> THE INPUT
----
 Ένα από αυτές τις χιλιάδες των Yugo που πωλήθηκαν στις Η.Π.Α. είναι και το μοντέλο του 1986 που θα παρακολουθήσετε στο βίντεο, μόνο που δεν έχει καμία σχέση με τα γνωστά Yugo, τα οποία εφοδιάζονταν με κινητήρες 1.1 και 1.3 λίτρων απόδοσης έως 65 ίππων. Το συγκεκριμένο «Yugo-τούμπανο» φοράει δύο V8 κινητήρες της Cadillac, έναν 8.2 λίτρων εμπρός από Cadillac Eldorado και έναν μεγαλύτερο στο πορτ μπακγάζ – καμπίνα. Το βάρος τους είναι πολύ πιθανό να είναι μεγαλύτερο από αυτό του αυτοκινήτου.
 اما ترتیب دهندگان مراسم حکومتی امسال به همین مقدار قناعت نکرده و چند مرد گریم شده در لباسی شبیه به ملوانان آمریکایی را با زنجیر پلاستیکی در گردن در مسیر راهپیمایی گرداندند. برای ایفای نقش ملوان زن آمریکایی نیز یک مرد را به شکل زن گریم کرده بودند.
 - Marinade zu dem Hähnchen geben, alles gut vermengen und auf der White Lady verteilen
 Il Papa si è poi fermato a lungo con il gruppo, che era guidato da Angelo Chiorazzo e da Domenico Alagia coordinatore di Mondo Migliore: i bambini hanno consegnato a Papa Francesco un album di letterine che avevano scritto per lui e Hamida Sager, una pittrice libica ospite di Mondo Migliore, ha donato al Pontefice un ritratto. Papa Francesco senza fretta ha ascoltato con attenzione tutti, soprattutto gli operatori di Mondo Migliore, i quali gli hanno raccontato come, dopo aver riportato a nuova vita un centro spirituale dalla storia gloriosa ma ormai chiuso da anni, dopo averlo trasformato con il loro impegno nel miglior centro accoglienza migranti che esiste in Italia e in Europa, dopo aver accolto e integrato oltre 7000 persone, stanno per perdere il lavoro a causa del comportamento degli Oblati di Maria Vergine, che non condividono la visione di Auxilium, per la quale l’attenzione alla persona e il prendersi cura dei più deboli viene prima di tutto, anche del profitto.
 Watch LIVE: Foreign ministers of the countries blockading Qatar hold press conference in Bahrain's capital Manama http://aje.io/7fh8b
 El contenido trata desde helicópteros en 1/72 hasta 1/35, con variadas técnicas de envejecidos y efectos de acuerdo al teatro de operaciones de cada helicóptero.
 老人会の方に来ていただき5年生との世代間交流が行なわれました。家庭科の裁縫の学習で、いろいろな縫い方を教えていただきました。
----
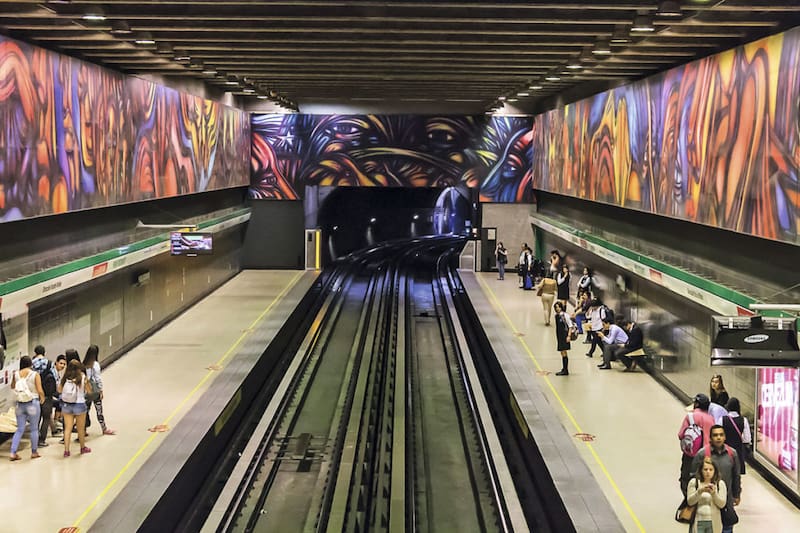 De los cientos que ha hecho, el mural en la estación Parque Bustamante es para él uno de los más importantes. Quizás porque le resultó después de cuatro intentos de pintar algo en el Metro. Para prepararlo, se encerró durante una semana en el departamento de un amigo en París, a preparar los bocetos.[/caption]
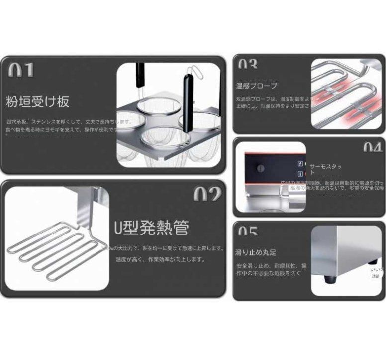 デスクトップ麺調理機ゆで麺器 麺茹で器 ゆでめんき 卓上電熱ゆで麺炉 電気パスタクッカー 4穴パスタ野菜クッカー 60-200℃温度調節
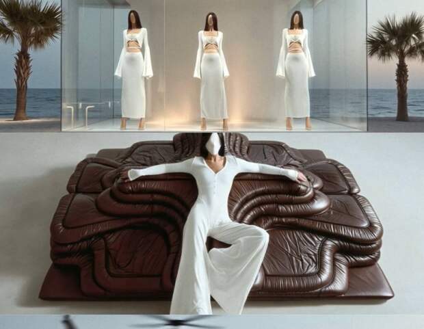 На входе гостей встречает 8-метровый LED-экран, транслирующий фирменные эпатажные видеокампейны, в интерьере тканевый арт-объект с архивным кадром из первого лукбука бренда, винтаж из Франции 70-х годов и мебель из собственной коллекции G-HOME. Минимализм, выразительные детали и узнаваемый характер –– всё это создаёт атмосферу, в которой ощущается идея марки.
----
Restate word for word only the lines above from the line containing "El contenido trata" to the line containing "老人会の方に来ていただき5年", both of them included.

 El contenido trata desde helicópteros en 1/72 hasta 1/35, con variadas técnicas de envejecidos y efectos de acuerdo al teatro de operaciones de cada helicóptero.
 老人会の方に来ていただき5年生との世代間交流が行なわれました。家庭科の裁縫の学習で、いろいろな縫い方を教えていただきました。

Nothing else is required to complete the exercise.